In January 2018, I worked my butt off enough to secure a 16 hour a week freelance job with a web media company where I do PR, social media management and website management for a number of clients. I still run one of the luxury fashion companies social media platforms and I write for a number of clients sporadically. 

Harper is at school for the 4 hours a day I work for the web media company and I have a strict routine with Hudson so that he has his 2 hour nap during my working hours and the other two hours he plays or is eating his lunch, so we've got it pretty good over here after five years of trying to get it right. Being self employed is a challenge and there's a lot of admin that comes with the job unlike going out to work, but it's worth it and I love the job that I do. 

I realise that this is not the best option for some people and their families and I feel incredibly lucky that I can do this over going out to work. I don't take it for granted and I commend all parents who sacrifice their time to provide for their children. As a working mum, I wanted to share my top tips for getting it right when it comes to work/life balance and how to make it easier on yourself. 

ROUTINE - I cannot stress enough how much easier life becomes when you set a routine for every single aspect of your life except weekends or days off. I consider myself quite a spontaneous person so I did struggle to get this right for a long time but now we thrive from it - we sleep well, we eat better than ever and we work well. At the weekends it's a free for all but we do make Sunday our do nothing day which I think is really important for self care.

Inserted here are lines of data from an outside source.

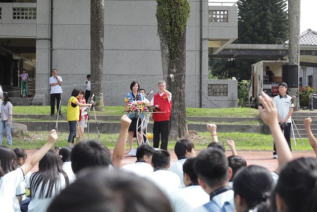 副總統致詞時表示,非常高興來到充滿熱情活力的社寮國中,剛剛地震警報一發布,全校同學及老師們立即進行就地掩蔽,確實完成「趴下、掩護、穩住」抗震保命三步驟,疏散過程「不推、不跑、不語」,迅速到達疏散指定地點,顯見由黃校長所帶領的社寮國中,防災教育已成為日常學習的一部分,透過平時不斷演練展現今天很好的成果,他請老師及同學們給自己一個熱烈的掌聲,肯定自己也是防災很重要的一份子。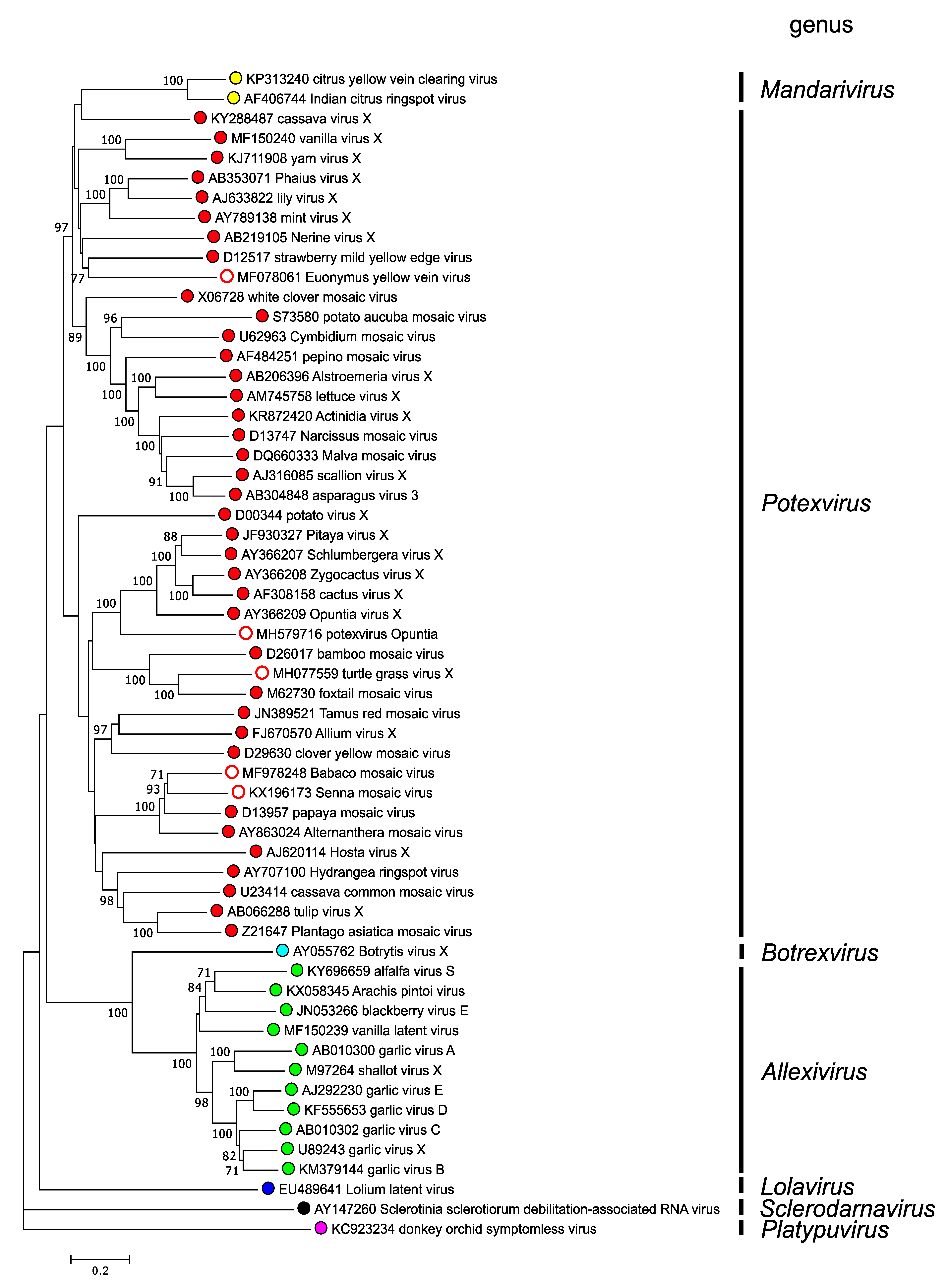 Figure 3. .Alphaflexiviridae Unrooted phylogenetic (distance) tree based on the amino acid sequences of the entire Rep protein of members of the family Alphaflexiviridae. Virus genera are indicated to the right of their respective branches. Numbers on branches indicate percentage of bootstrap support out of 1000 bootstrap replications (when >60%). The scale indicates JTT amino acid distances. Tree produced in (Tamura et al., 2007). This phylogenetic tree and corresponding sequence alignment are available to download from the Resources page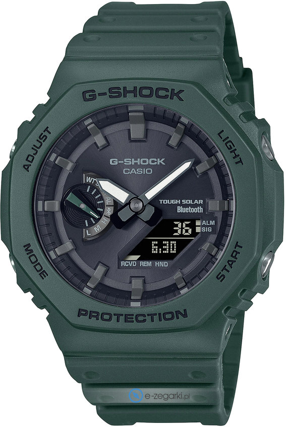 Model męski GA-B2100-3AER marki Casio należy do serii Casio G-Shock. Charakterystyczny wygląd zegarka uzyskano również dzięki tarczy w kolorze czarnym. Zegarek ten prezentuje godzinę w formacie analogowo - cyfrowym dzięki czemu odczyt jest bardzo łatwy. Koperta została ozdobiona kolorem zielonym szeroka jest na 45 mm oraz ma grubość 12 mm - cechuje się okrągłym kształtem.

USE A PLANNER - As a parent, especially a parent with a child in school, there are about a million things we have to remember on a daily basis including a lot of dates. Make your life a million times easier by buying a daily planner. I need one otherwise my brain will fall out of my head. I set aside 10 minutes when I wake up to plan out my day, check dates and meal plan. If you are in the market for a new planner, Old English Company have an amazing range of planners that will help you reorganise your life and help you to remember all of the life admin that comes with being a working mum. They also have a great competition running right now, over on their website where you can win an entire set of planners - you have until the 26th April 2018 to enter!

MEAL PLANNING - If you're a working parent and you provide the three meals a day, as well as running a household, working and ferrying children to and from school the last thing you need is to be standing in your kitchen not knowing what to make for dinner. The day before my food shop I write out a weekly plan and try my best to stick to it. This is a really easy way to implement structure and just make your life a lot easier in the long run. There are some great meal planning ideas over on Pinterest.

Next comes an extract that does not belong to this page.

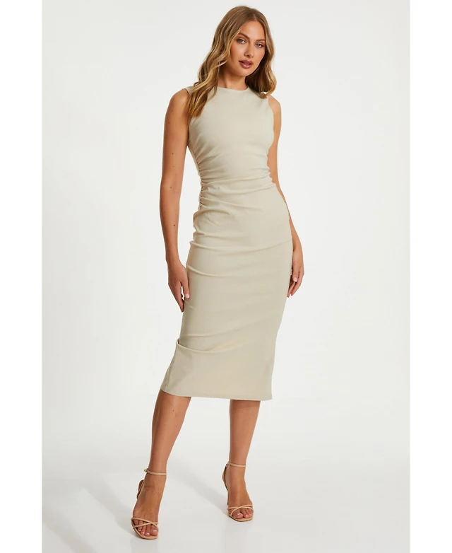Quiz Women's Bengaline Round Neck Ruched Waist Midi Dress

DON'T BE HARD ON YOURSELF - It's easy to say but hard to do, as parents we are under the scrutiny of society constantly. No matter what you are doing, you are doing your best to provide a great life for your family and it's hard fucking work. Make sure you give yourself those bubbles baths, take a trip into town by yourself to browse and have that night out whenever you need one. You are not solely defined by your children, you are still the person you were before and nurturing your needs as well as your children's is important for a happy family all round.